EXERCISE OBJECTIVE
Among the entries below, which lines run from the line with "Mesh refers to" through the line with "This Supreme Cheese-Stuffed"? Retype those, both ends included, exactly and without pictures.

THE RECORDS
:::
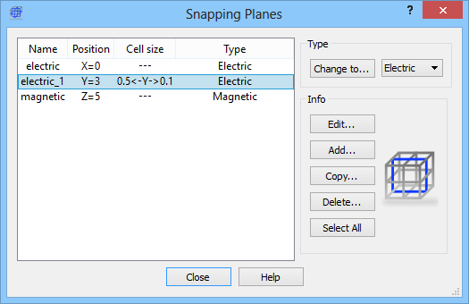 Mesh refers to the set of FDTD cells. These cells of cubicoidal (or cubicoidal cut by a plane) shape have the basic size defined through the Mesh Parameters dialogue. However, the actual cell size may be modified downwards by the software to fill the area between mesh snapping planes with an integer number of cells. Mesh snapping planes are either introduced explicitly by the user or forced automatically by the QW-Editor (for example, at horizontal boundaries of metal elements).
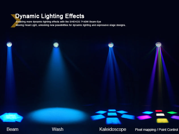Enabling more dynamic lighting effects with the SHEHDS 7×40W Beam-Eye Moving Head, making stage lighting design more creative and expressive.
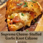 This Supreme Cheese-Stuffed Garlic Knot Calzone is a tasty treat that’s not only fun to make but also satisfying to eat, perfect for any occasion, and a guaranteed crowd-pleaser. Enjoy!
:::
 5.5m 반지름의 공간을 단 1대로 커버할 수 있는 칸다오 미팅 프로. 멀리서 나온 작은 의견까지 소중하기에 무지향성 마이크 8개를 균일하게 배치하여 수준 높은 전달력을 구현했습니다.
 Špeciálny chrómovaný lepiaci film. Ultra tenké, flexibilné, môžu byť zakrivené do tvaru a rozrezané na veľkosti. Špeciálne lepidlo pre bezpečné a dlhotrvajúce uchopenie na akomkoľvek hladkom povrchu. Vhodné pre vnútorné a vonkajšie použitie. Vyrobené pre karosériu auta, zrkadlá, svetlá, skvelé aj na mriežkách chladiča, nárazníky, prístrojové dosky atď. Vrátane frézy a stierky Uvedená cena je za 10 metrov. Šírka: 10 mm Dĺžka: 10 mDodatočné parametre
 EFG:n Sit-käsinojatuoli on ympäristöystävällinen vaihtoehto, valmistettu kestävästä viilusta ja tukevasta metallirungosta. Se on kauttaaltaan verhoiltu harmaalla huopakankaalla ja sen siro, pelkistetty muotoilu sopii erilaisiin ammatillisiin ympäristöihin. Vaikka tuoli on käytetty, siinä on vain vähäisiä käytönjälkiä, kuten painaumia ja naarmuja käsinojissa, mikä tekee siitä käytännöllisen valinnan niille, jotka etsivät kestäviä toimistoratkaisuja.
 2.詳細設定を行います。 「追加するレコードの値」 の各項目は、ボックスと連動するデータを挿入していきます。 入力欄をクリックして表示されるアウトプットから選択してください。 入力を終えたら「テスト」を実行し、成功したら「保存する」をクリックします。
:::
FINISHED EXERCISE
 Mesh refers to the set of FDTD cells. These cells of cubicoidal (or cubicoidal cut by a plane) shape have the basic size defined through the Mesh Parameters dialogue. However, the actual cell size may be modified downwards by the software to fill the area between mesh snapping planes with an integer number of cells. Mesh snapping planes are either introduced explicitly by the user or forced automatically by the QW-Editor (for example, at horizontal boundaries of metal elements).
Enabling more dynamic lighting effects with the SHEHDS 7×40W Beam-Eye Moving Head, making stage lighting design more creative and expressive.
 This Supreme Cheese-Stuffed Garlic Knot Calzone is a tasty treat that’s not only fun to make but also satisfying to eat, perfect for any occasion, and a guaranteed crowd-pleaser. Enjoy!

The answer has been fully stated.